_Task goal:_ The data below should be printed in full, exactly, and without any of its images.

%%

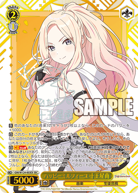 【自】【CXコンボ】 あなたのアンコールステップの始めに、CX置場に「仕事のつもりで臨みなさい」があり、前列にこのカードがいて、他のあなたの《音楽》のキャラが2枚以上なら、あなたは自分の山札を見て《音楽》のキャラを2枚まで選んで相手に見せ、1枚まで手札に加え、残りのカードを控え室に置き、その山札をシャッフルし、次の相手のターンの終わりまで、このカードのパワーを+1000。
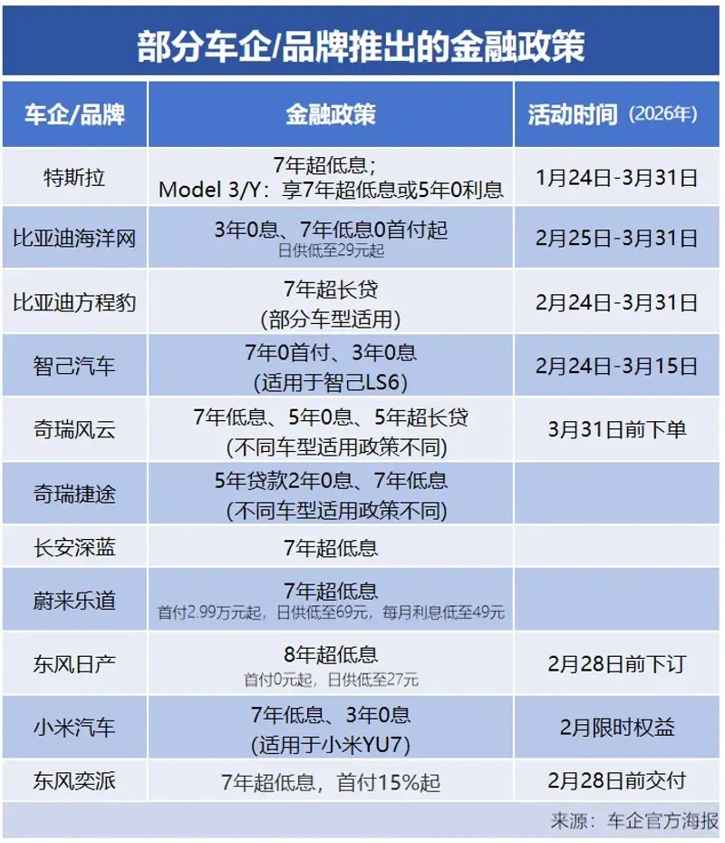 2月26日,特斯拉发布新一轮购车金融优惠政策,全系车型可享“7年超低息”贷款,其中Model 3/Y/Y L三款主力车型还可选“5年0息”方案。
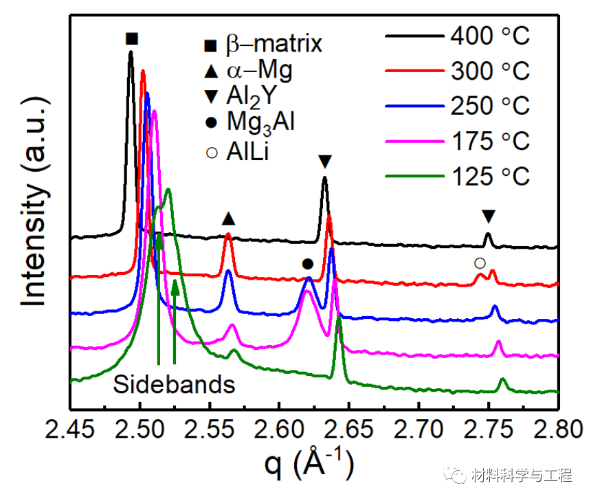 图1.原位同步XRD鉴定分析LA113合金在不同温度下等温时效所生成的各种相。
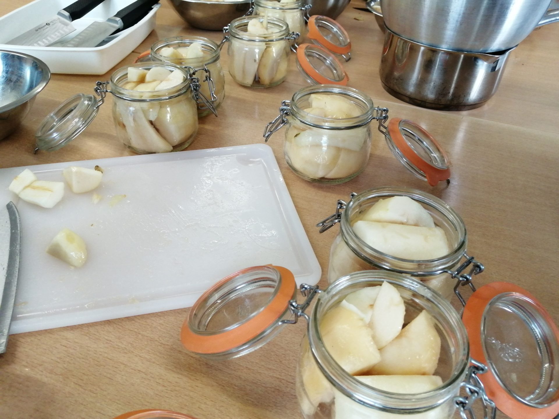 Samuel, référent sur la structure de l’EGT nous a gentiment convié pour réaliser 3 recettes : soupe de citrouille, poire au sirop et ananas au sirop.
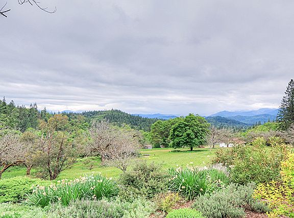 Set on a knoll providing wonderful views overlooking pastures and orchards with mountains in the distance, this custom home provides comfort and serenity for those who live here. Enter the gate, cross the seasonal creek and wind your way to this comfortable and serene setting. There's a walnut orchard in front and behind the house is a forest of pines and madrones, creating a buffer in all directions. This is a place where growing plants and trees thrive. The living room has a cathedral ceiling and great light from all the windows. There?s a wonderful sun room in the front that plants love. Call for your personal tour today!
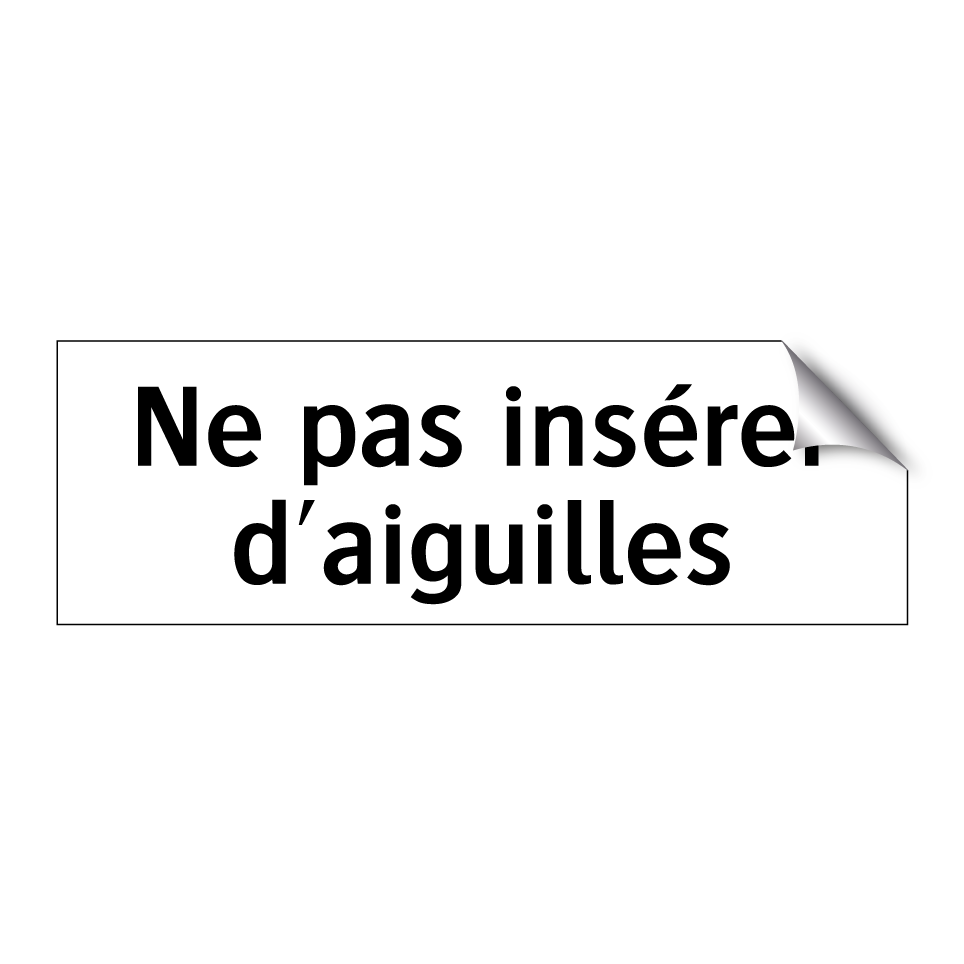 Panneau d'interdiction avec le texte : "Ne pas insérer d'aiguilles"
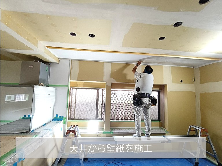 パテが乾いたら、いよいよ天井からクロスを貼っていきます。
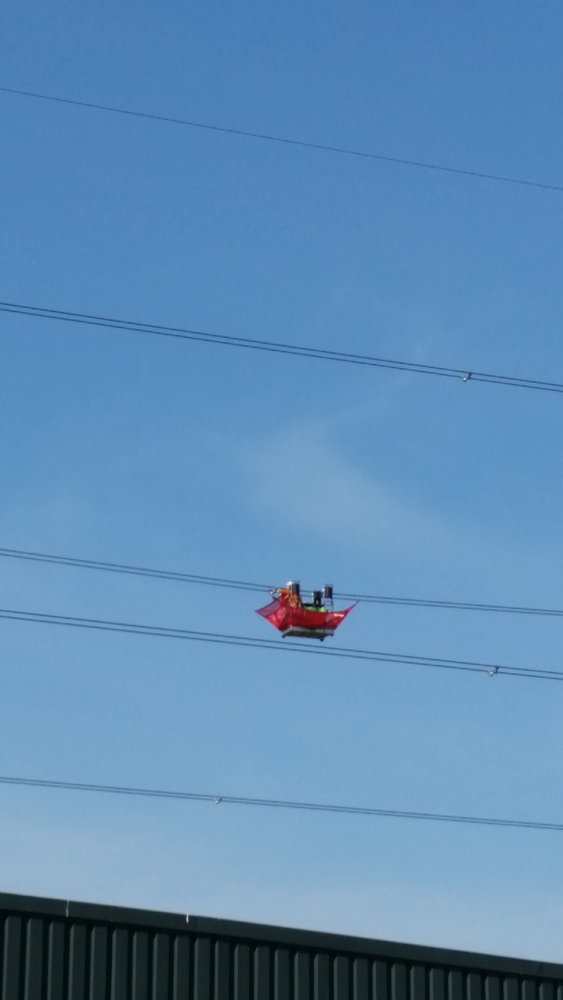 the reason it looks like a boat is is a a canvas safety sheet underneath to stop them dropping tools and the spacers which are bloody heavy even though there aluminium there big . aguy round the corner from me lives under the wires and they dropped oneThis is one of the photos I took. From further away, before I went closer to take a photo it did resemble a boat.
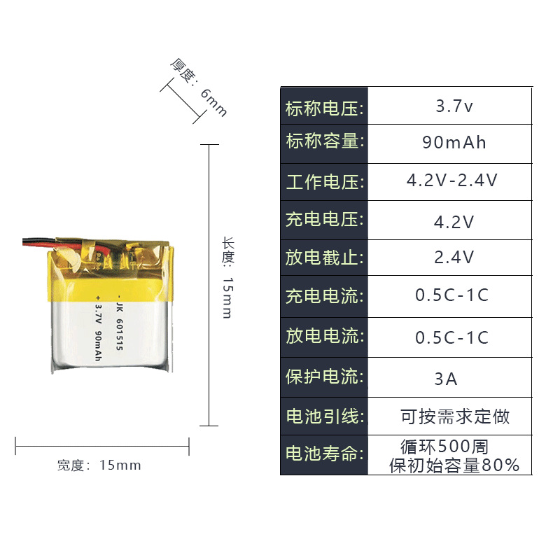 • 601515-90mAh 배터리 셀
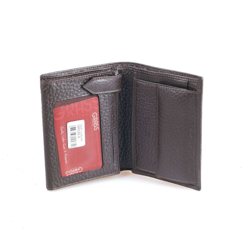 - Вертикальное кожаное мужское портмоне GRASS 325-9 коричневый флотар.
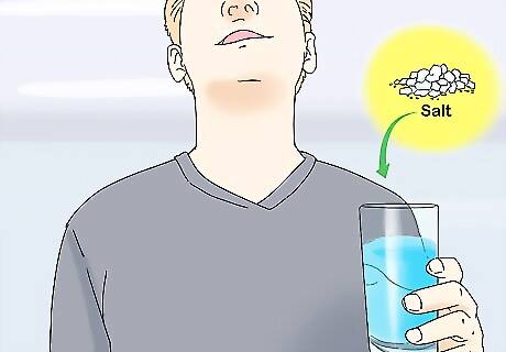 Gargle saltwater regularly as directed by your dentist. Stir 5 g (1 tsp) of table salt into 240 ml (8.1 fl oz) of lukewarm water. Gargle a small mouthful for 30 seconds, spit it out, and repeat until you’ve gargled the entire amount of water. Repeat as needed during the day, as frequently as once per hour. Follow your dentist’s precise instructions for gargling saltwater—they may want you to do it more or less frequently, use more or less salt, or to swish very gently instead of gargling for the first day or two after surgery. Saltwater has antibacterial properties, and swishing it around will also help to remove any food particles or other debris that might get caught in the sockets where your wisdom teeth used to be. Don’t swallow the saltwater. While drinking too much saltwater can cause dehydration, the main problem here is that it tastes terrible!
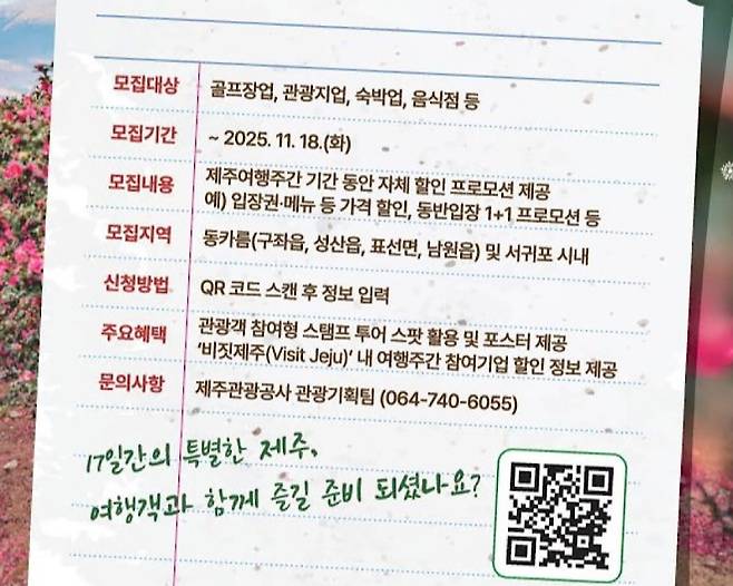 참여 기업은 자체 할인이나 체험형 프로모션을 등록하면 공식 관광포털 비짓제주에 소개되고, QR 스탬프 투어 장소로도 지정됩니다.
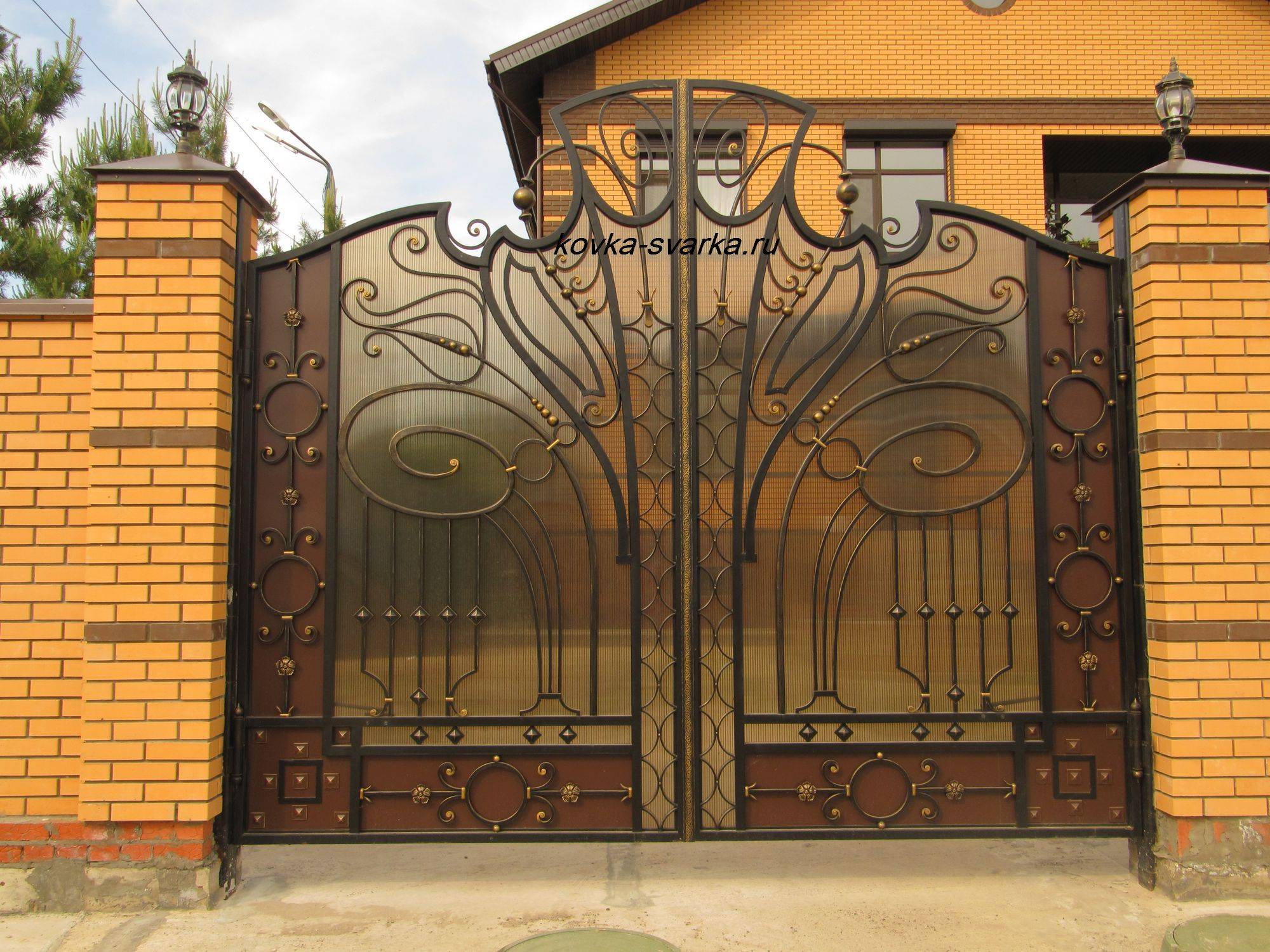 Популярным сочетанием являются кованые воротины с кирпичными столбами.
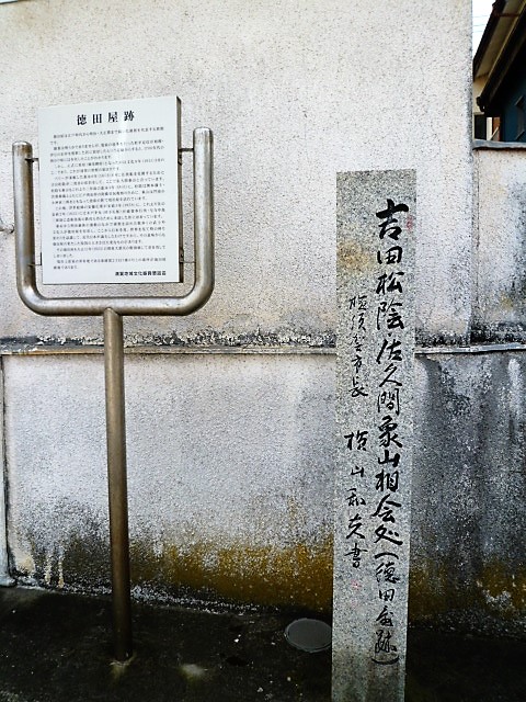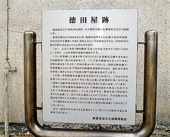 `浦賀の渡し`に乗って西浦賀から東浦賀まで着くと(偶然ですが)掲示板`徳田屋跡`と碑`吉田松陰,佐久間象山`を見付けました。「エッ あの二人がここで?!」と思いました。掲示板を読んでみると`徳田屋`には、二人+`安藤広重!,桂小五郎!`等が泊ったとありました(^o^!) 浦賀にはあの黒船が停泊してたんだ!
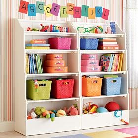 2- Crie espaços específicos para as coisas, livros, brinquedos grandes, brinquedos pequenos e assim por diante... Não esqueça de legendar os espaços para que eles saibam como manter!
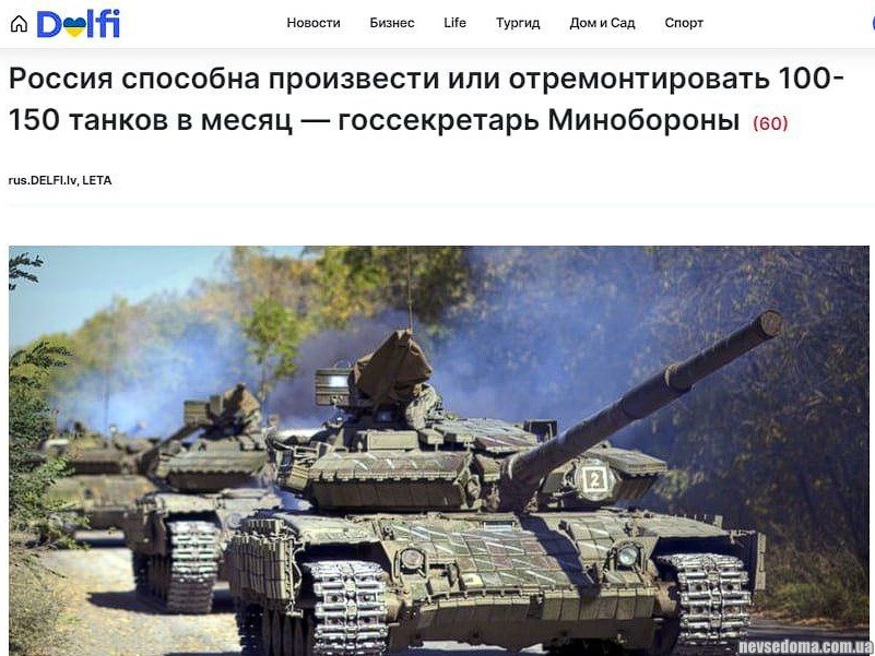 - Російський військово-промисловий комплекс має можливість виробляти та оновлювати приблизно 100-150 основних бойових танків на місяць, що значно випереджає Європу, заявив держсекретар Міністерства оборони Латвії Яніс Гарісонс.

%%

_The answer:_
 【自】【CXコンボ】 あなたのアンコールステップの始めに、CX置場に「仕事のつもりで臨みなさい」があり、前列にこのカードがいて、他のあなたの《音楽》のキャラが2枚以上なら、あなたは自分の山札を見て《音楽》のキャラを2枚まで選んで相手に見せ、1枚まで手札に加え、残りのカードを控え室に置き、その山札をシャッフルし、次の相手のターンの終わりまで、このカードのパワーを+1000。
 2月26日,特斯拉发布新一轮购车金融优惠政策,全系车型可享“7年超低息”贷款,其中Model 3/Y/Y L三款主力车型还可选“5年0息”方案。
 图1.原位同步XRD鉴定分析LA113合金在不同温度下等温时效所生成的各种相。
 Samuel, référent sur la structure de l’EGT nous a gentiment convié pour réaliser 3 recettes : soupe de citrouille, poire au sirop et ananas au sirop.
 Set on a knoll providing wonderful views overlooking pastures and orchards with mountains in the distance, this custom home provides comfort and serenity for those who live here. Enter the gate, cross the seasonal creek and wind your way to this comfortable and serene setting. There's a walnut orchard in front and behind the house is a forest of pines and madrones, creating a buffer in all directions. This is a place where growing plants and trees thrive. The living room has a cathedral ceiling and great light from all the windows. There?s a wonderful sun room in the front that plants love. Call for your personal tour today!
 Panneau d'interdiction avec le texte : "Ne pas insérer d'aiguilles"
 パテが乾いたら、いよいよ天井からクロスを貼っていきます。
 the reason it looks like a boat is is a a canvas safety sheet underneath to stop them dropping tools and the spacers which are bloody heavy even though there aluminium there big . aguy round the corner from me lives under the wires and they dropped oneThis is one of the photos I took. From further away, before I went closer to take a photo it did resemble a boat.
 • 601515-90mAh 배터리 셀
 - Вертикальное кожаное мужское портмоне GRASS 325-9 коричневый флотар.
 Gargle saltwater regularly as directed by your dentist. Stir 5 g (1 tsp) of table salt into 240 ml (8.1 fl oz) of lukewarm water. Gargle a small mouthful for 30 seconds, spit it out, and repeat until you’ve gargled the entire amount of water. Repeat as needed during the day, as frequently as once per hour. Follow your dentist’s precise instructions for gargling saltwater—they may want you to do it more or less frequently, use more or less salt, or to swish very gently instead of gargling for the first day or two after surgery. Saltwater has antibacterial properties, and swishing it around will also help to remove any food particles or other debris that might get caught in the sockets where your wisdom teeth used to be. Don’t swallow the saltwater. While drinking too much saltwater can cause dehydration, the main problem here is that it tastes terrible!
 참여 기업은 자체 할인이나 체험형 프로모션을 등록하면 공식 관광포털 비짓제주에 소개되고, QR 스탬프 투어 장소로도 지정됩니다.
 Популярным сочетанием являются кованые воротины с кирпичными столбами.
 `浦賀の渡し`に乗って西浦賀から東浦賀まで着くと(偶然ですが)掲示板`徳田屋跡`と碑`吉田松陰,佐久間象山`を見付けました。「エッ あの二人がここで?!」と思いました。掲示板を読んでみると`徳田屋`には、二人+`安藤広重!,桂小五郎!`等が泊ったとありました(^o^!) 浦賀にはあの黒船が停泊してたんだ!
 2- Crie espaços específicos para as coisas, livros, brinquedos grandes, brinquedos pequenos e assim por diante... Não esqueça de legendar os espaços para que eles saibam como manter!
 - Російський військово-промисловий комплекс має можливість виробляти та оновлювати приблизно 100-150 основних бойових танків на місяць, що значно випереджає Європу, заявив держсекретар Міністерства оборони Латвії Яніс Гарісонс.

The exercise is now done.